GIVEN MATERIAL =>
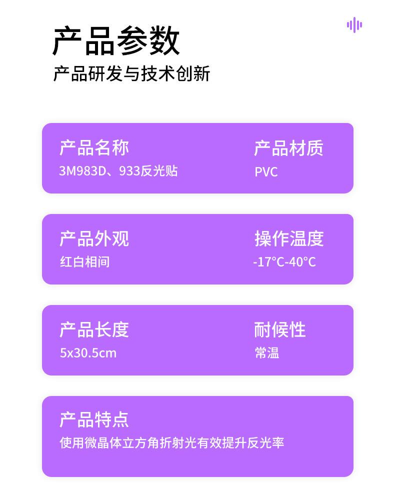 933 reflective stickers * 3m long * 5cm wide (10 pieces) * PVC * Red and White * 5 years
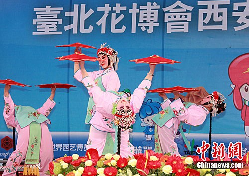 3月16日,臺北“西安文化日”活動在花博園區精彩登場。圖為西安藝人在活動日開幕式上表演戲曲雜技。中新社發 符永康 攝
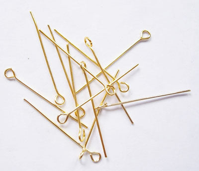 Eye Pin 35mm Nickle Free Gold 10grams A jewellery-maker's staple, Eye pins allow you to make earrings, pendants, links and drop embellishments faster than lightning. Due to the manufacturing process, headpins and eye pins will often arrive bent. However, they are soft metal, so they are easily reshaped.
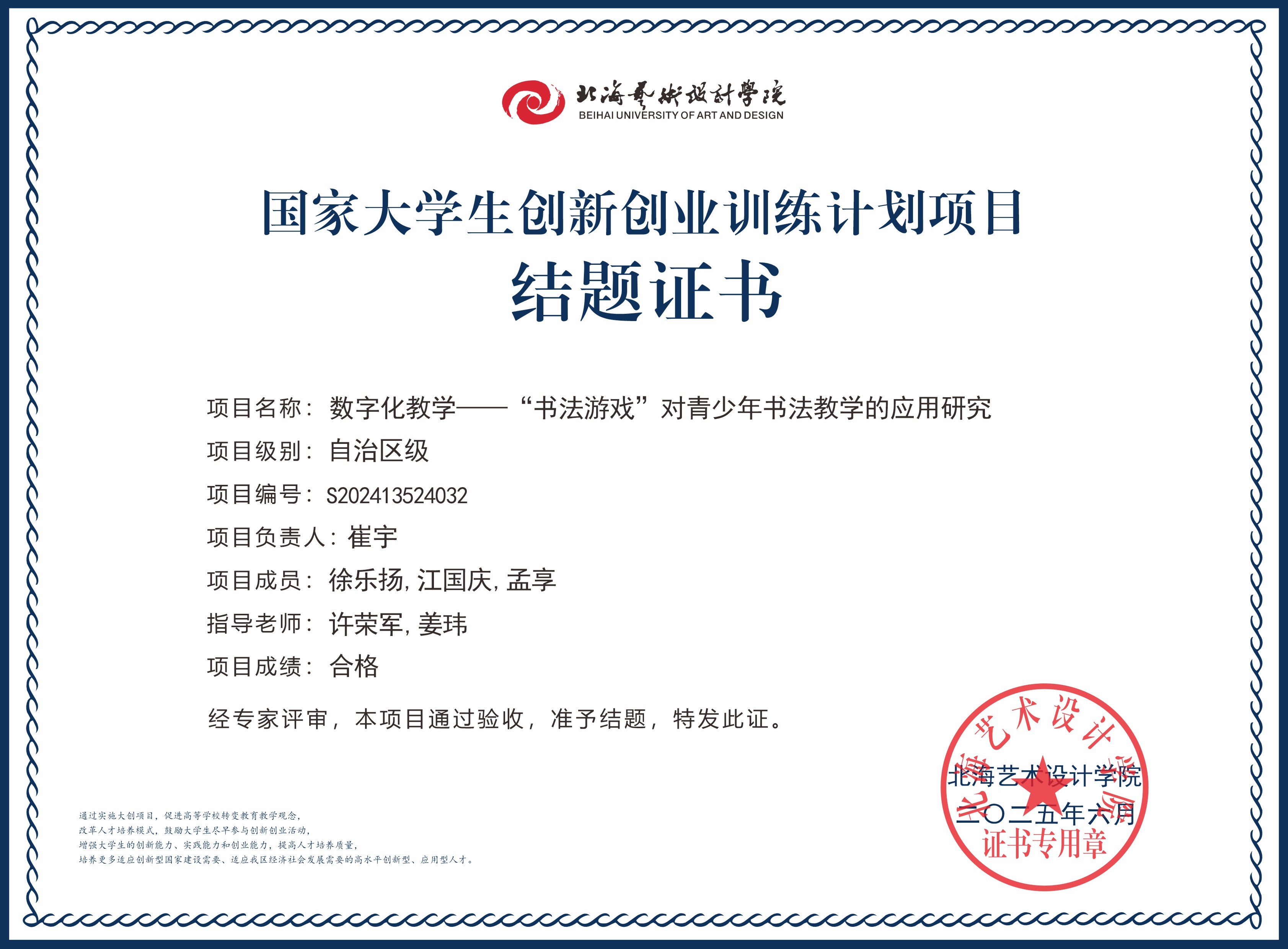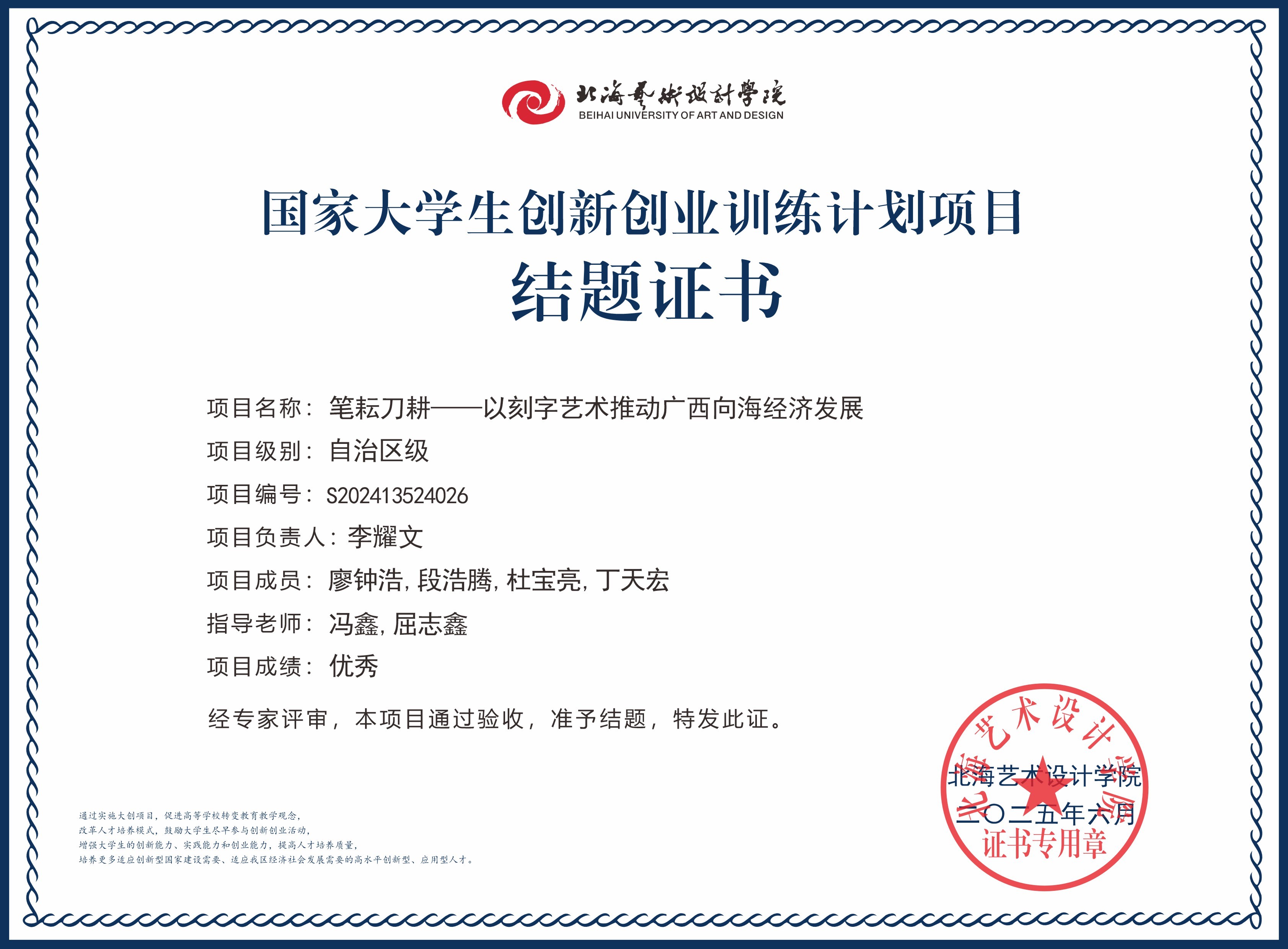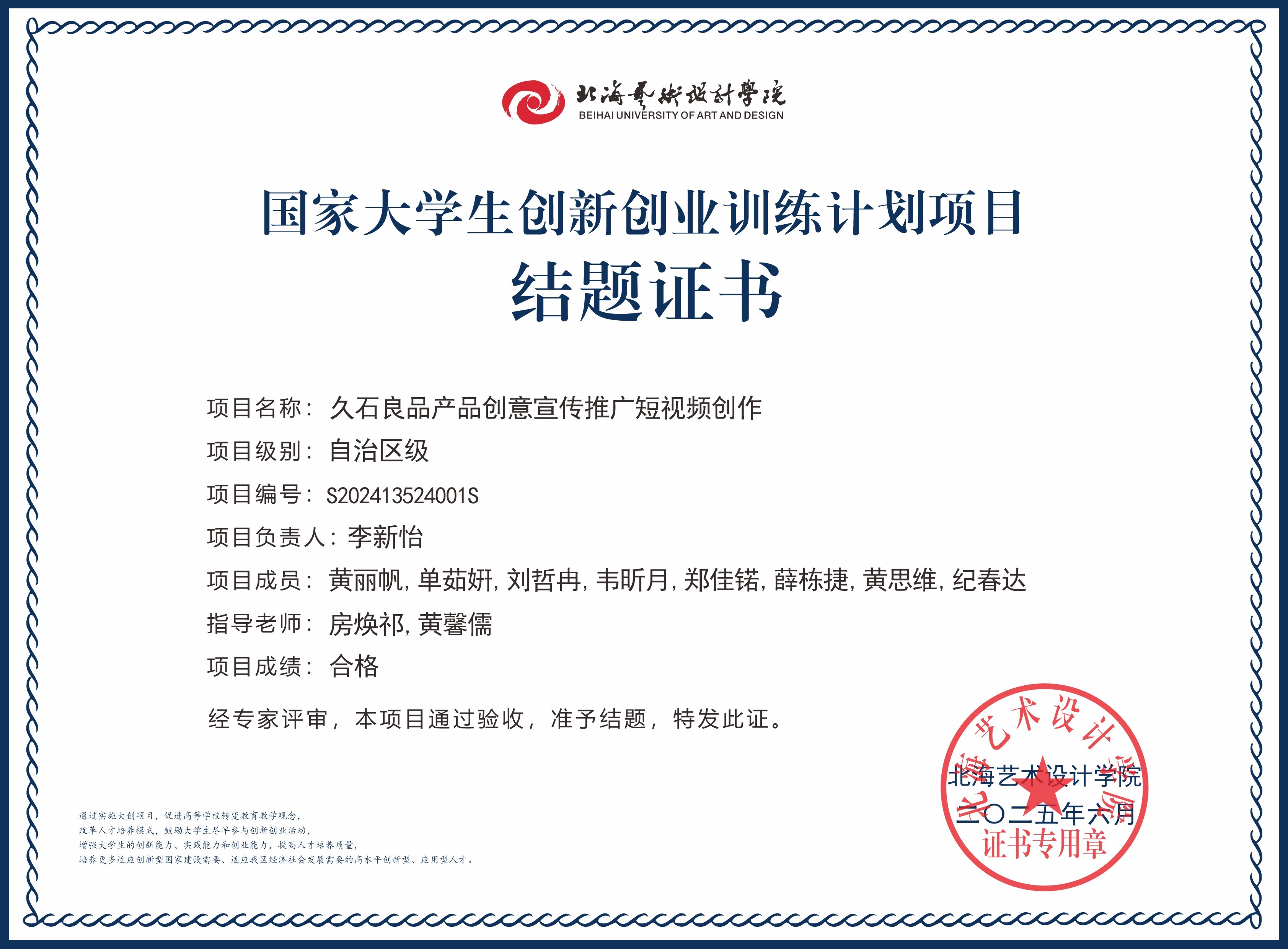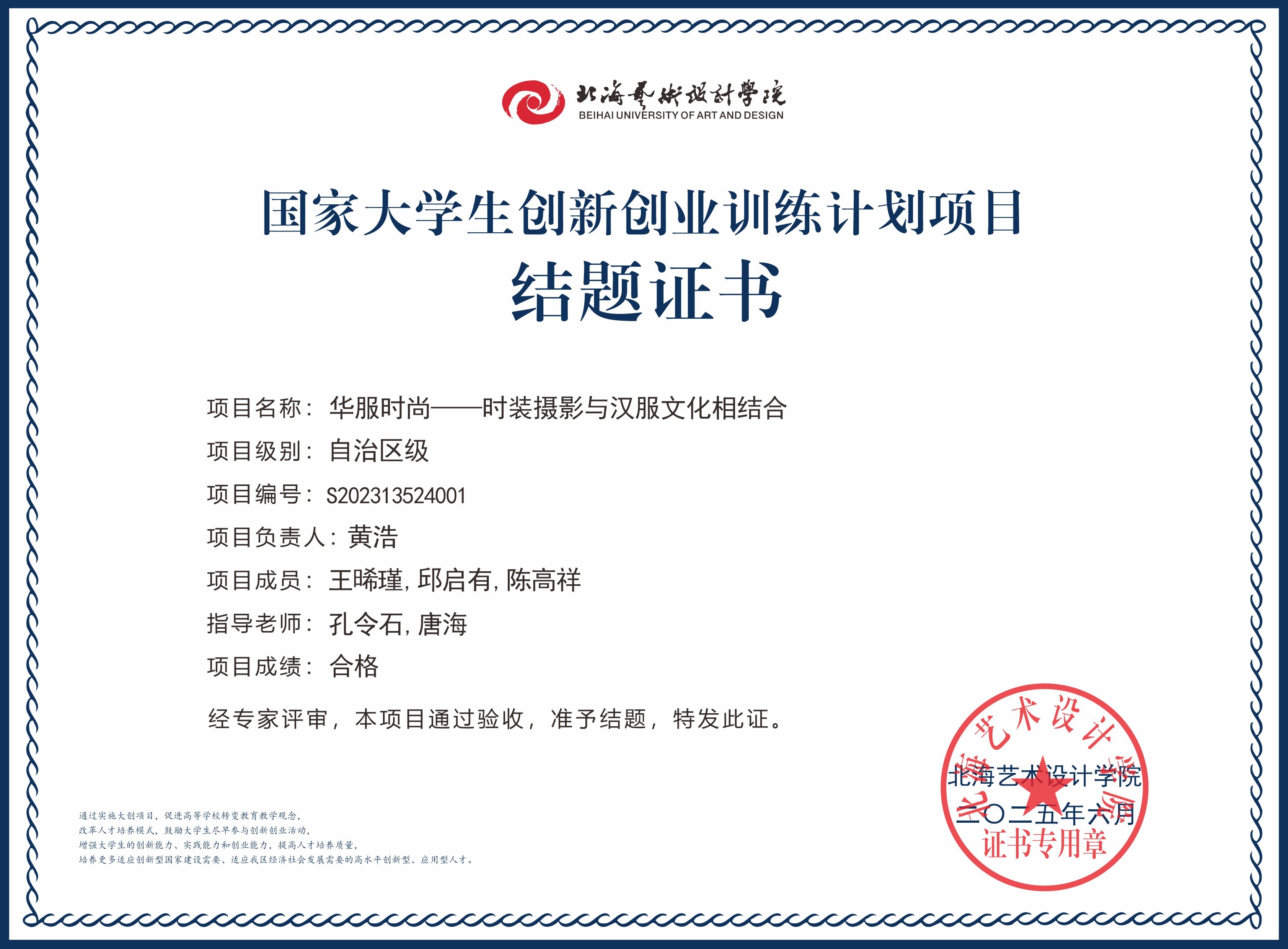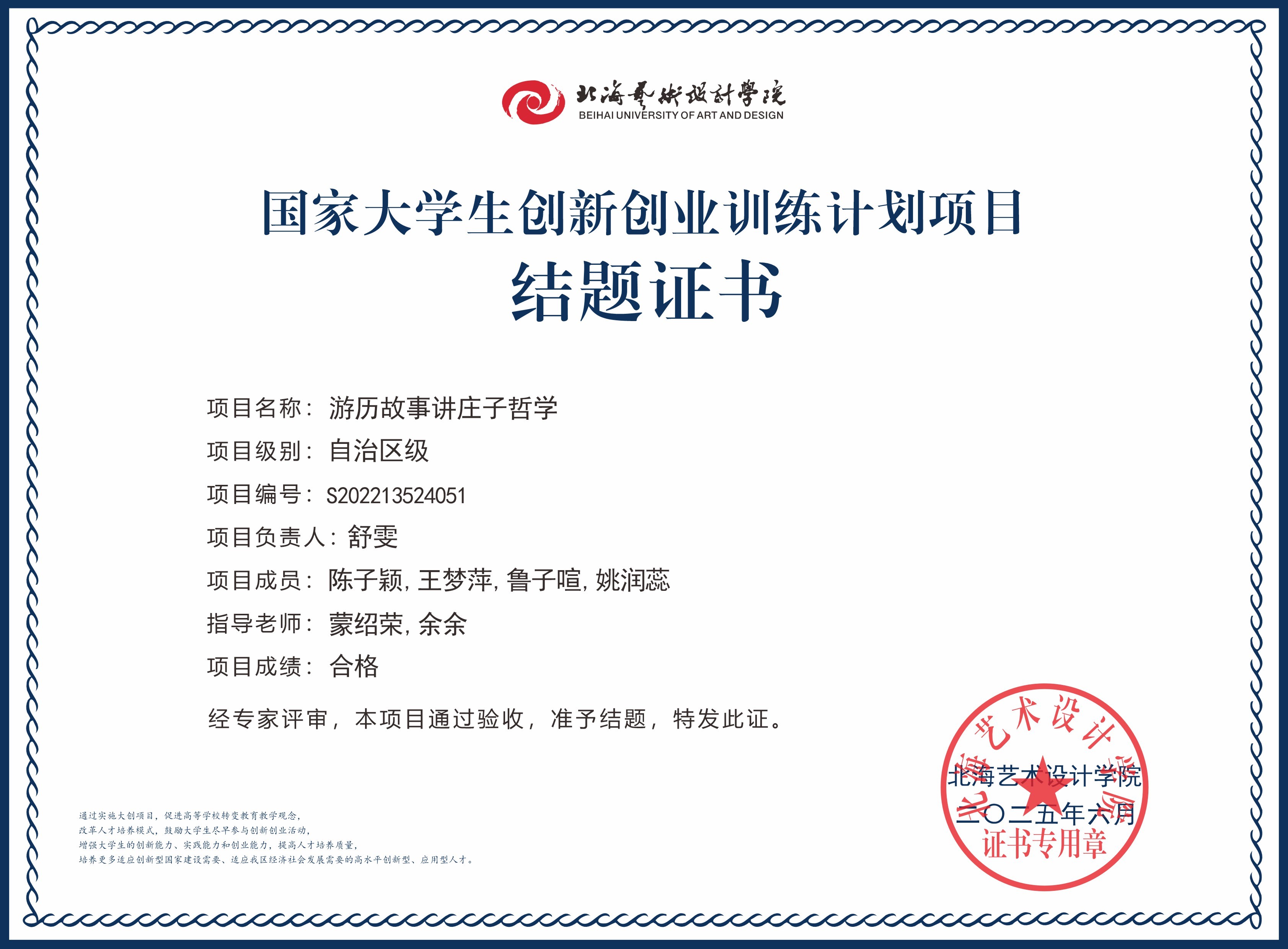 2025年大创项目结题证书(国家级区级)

DESCRIPTION OF THE TASK => Output the data verbatim, images excluded.

TASK ANSWER =>
 933 reflective stickers * 3m long * 5cm wide (10 pieces) * PVC * Red and White * 5 years
 3月16日,臺北“西安文化日”活動在花博園區精彩登場。圖為西安藝人在活動日開幕式上表演戲曲雜技。中新社發 符永康 攝
 Eye Pin 35mm Nickle Free Gold 10grams A jewellery-maker's staple, Eye pins allow you to make earrings, pendants, links and drop embellishments faster than lightning. Due to the manufacturing process, headpins and eye pins will often arrive bent. However, they are soft metal, so they are easily reshaped.
 2025年大创项目结题证书(国家级区级)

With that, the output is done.